Abbett & Fuller, (Leon Abbett, of counsel,) for appellant.
John H. Shield, (W. C. Beecher, of counsel,) for plaintiff.
WALLACE, J. On the twenty-sixth day of February, 1883, the defendant Farrelly, with others, intending to form a limited partnership in which Farrelly was to be a special partner and the others general partners, executed a certificate in the form required by the laws of New Jersey, where the partnership business was to be carried on, which recited that the amount of capital contributed to the common stock by said Farrelly was the sum of $2,500, and that the partnership was to commence on that day. Unless a limited partnership was formed pursuant to the statutes of New Jersey, the defendant Farrelly is liable to the plaintiff upon the demand in suit as a general partner. The question is whether the statutes of New Jersey were complied with.
The Revised Laws of New Jersey provide that such partnership may consist of one or more persons, who shall be called general partners, and of one or more persons who “shall be called special partners, and who shall contribute in actual cash payments a specific sum as capital to the common stock;” that a certificate shall be signed by the several persons, reciting, among other things, the amount of capital which shall have been contributed by the special partner; 34that this certificate be filed in the office of the county clerk, and that there shall be filed with the certificate an affidavit of a general partner, stating that the sums specified in the certificate to have been contributed by each of the special partners to the common stock “have been actually and in good faith paid in cash.” The laws also provide that if any false statement be made in such certificate or affidavit, all the persons interested in such partnership shall be liable for all engagements thereof as general partners. February 26, 1883, the certificate was acknowledged according to law, and, together with an affidavit of one of the general partners, verified on that day, in form according to statute, was filed in the office of the proper clerk. At this time Farrelly had not contributed any actual cash payment as capital except by drawing his check for the Bum of $2,500 on a New York city bank, and delivering it to one of the general partners. His check was good for the amount, he having at the time a large balance to his favor at the bank upon which it was drawn. The time when the check was delivered was after banking hours, and it was retained by the person to whom Farrelly delivered it until the twenty-sixth day of March thereafter. The check was not presented to the bank or used in the mean time, and on the twenty-sixth day of March was returned to Farrelly unpaid. Thereupon Farrelly drew a check for $5,000, intended to cover the amount of the original check, and a loan to the partnership of $2,500 in addition, which check was delivered to one of the firm, deposited to the credit of the firm, and the firm received the avails thereof.

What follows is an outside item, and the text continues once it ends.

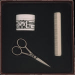 Set includes 4 1/4" moustache/beard scissor, 4 3/4" comb, wax (1 oz.). Gift boxed.
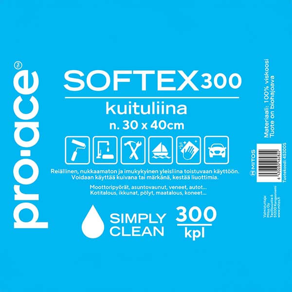 100% viskoosista valmistettu Softex on markkinoiden imukykyisin kuituliina. Se kestää hyvin kaikkea likaa, kuten kemikaaleja ja nesteitä ja pystyy sitomaan 2000% kosteutta omaan painoonsa nähden.

It must be held that no actual cash payment had been contributed by Farrelly to the partnership when the certificate was filed. Similar statutes authorizing the creation of limited partnerships exist in several of the states of the Union, and have been the subject of judicial exposition. It is the well-settled doctrine that one who has not strictly complied with the requisitions of such statutes cannot claim exemption, as a special partner, from liability for the debts of the firm of which he is a member; and that his liability as a general partner is fixed if he has omitted to make his contribution to the capital of the firm in the mode required by the true construction of the statute. When the statute requires the contribution to be made in actual cash payments, nothing but money will satisfy its meaning.
In the case of Haggerty v. Foster, 103 Mass. 17, in speaking of such a statute, the court used this language:
“The statute is plain and explicit. It requires payment to be made when a certificate is signed, acknowledged, and recorded as the foundation of the partnership; and this certificate must recite what has been done, and pot that which is executory. Its object is to provide a fund, on the day the company is formed, to be thereafter subject to no contingencies or losses except those which come from the proper business of the partnership. The use of the phrase ‘actual cash payments’ is emphatic and significant. It is wisely intended to exclude a construction by which commercial securities of any description short of cash may be regarded by the aid of mercantile usage or 35otherwise as substantially equivalent to cash, and to remove from all parties the temptation to evade its requirements in this respect.”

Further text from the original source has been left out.